On Sep 21, 2007, at 9:46 AM, Tim Donohue wrote:

> Jayan & Mark,
>
> Thanks for the suggestions.  But, our problem is that we're
> currently running Java & dsrun using:
>
> JAVA_OPTS=-Xmx1024M -Xms1024M -XX:NewRatio=2 -Dfile.encoding=UTF-8
>
> (I've modified our local dsrun script to read from the JAVA_OPTS
> environment variable).
>
> So, even setting a maximum heap size of 1GB, we don't seem to be
> able to full text index a 15MB PDF without encountering
> "OutOfMemory: Java heap space" errors.  Strange, I know.  My
> current theory is that there may be a memory leak in the PDFBox
> tools.   I'm still working on a definite diagnosis though.  If no
> one else out there has noticed this with DSpace 1.4.2, then I guess
> it's possible there's something in our local settings (or
> customizations of DSpace) which could be causing this issue.
>
> - Tim
>
> Mark Diggory wrote:
>> We should consider adding more sane defaults, most machines that
>> DSpace is running on have well over 1Gig of memory available and
>> its important to remember this is a maximum heap size and is not
>> take unless required. I think setting dsrun and the other
>> commandline scripts to be 512m (1/2 * 1Gig)  would eliminate most
>> outlying cases where PDF docs need to be held in memory.
>> -Mark Diggory
>> On Sep 21, 2007, at 2:10 AM, Jayan Chirayath Kurian wrote:
>>> Hi! Tim,
>>>
>>> Here we faced similar errors while trying out full-text indexing on
>>> DSpace 1.4.1/windows 2003 standard edition. We had roughly 100,000
>>> records.

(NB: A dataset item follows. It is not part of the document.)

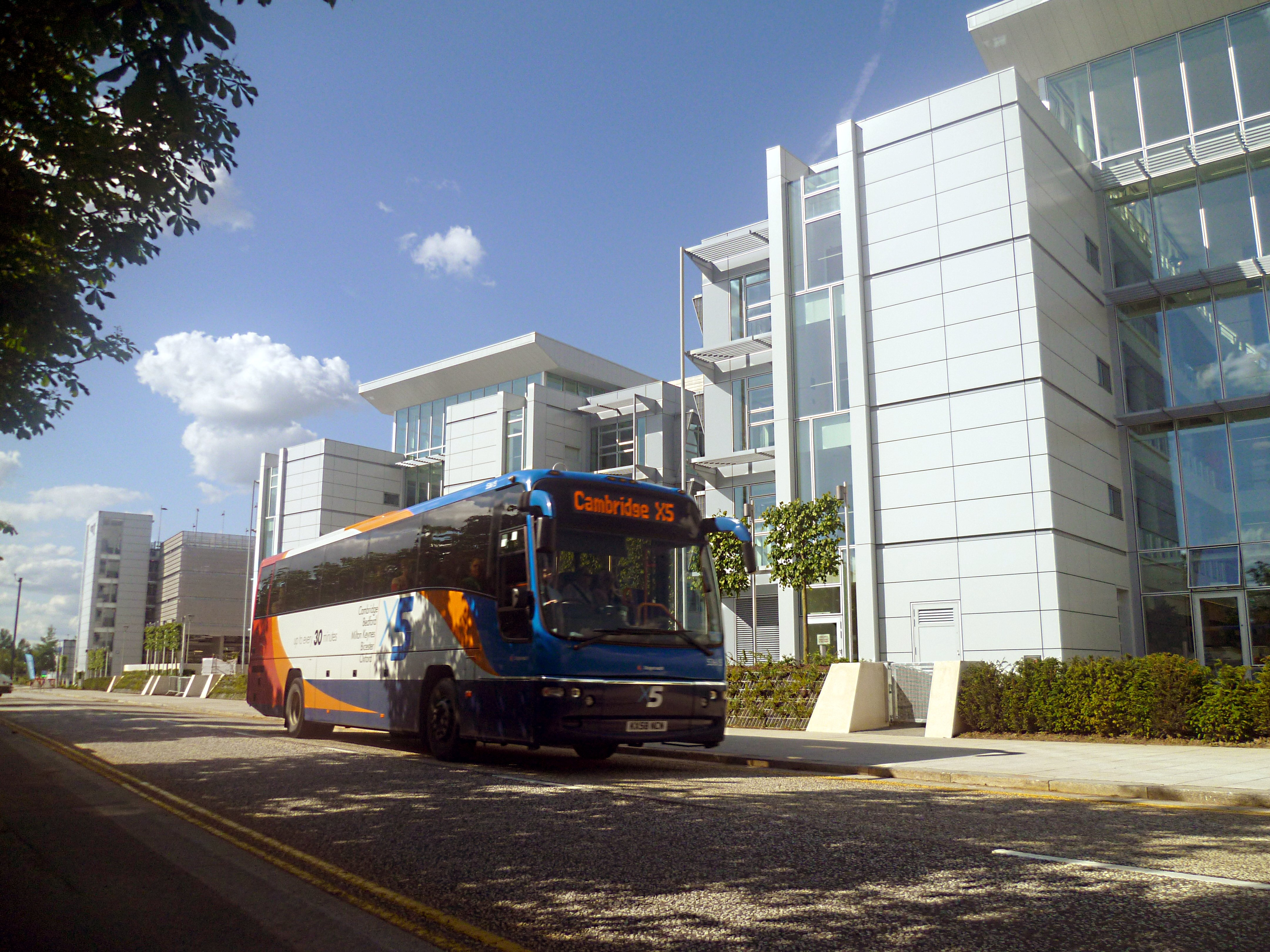 A Stagecoach X5 service passing the new Network Rail Headquarters in Central Milton Keynes.

This was rectified once dsrun.bat was given 1000m at java
>>> -Xmx256m -classpath ........
>>> http://repositorydev.ntu.edu.sg
>>>
>>> Jayan
>>>
>>>
>>> -----Original Message-----
>>> From: [EMAIL PROTECTED]
>>> [mailto:[EMAIL PROTECTED] On Behalf Of Tim
>>> Donohue
>>> Sent: Friday, September 21, 2007 1:58 AM
>>> To: dspace-tech
>>> Subject: [Dspace-tech] OutOfMemory errors during large PDF indexing
>>>
>>> All,
>>>
>>> I'm curious if anyone out there has run into strange OutOfMemory
>>> errors
>>> while full-text indexing larger (>10MB) PDF files in DSpace.
>>>
>>> It usually appears as either:
>>>
>>> Exception in thread "main" java.lang.OutOfMemoryError: Java heap
>>> space
>>>
>>> OR
>>>
>>> Exception in thread "main" java.lang.OutOfMemoryError: GC
>>> Overhead limit
>>>
>>> exceeded
>>>
>>> I've located the main "problem" PDF in our DSpace instance:
>>> http://hdl.handle.net/2142/2050
>>>
>>> I've also done a large amount of searching/testing based on
>>> recommendations from various sites.   In particular, I've done a
>>> memory
>>> dump using JHat
>>> (http://java.sun.com/javase/6/docs/technotes/tools/share/
>>> jhat.html), and
>>>
>>> it looks like the problem may reside with a potential memory leak
>>> in the
>>>
>>> 3rd party PDFBox tool used by DSpace 1.4.2.  (In particular, it
>>> *looks*
>>> like PDFBox is attempting to load most/all of the textual content
>>> into a
>>>
>>> giant HashMap)
>>>
>>> Here's the latest settings I've been testing on:
>>>
>>> RHEL 4
>>> Java 1.6.0_02
>>> Postgres 8.1.9
>>> DSpace 1.4.2
>>>
>>> We also have the following JAVA_OPTS settings in place for our JVM:
>>>
>>> JAVA_OPTS=-Xmx1024M -Xms1024M -XX:NewRatio=2 - Dfile.encoding=UTF-8
>>>
>>> (We initially had Xmx and Xms at 512MB, but I bumped it up and we're
>>> still getting the OutOfMemory exception at 1GB!)
>>>
>>> Anyone have any hints/tips or JVM settings to share?  I
>>> personally don't
>>>
>>> see why PDFBox would need so much JVM memory to parse a 15MB
>>> PDF.  But,
>>> the JHat analysis seemed to be pointing to PDFBox.
>>>
>>> - Tim
>>>
>>> P.S.  an example of the full error stack trace is below:
>>>
>>> Exception in thread "main" java.lang.OutOfMemoryError : Java heap
>>> space
>>>          at java.util.HashMap.resize(Unknown Source)
>>>          at java.util.HashMap.addEntry(Unknown Source)
>>>          at java.util.HashMap.put (Unknown Source)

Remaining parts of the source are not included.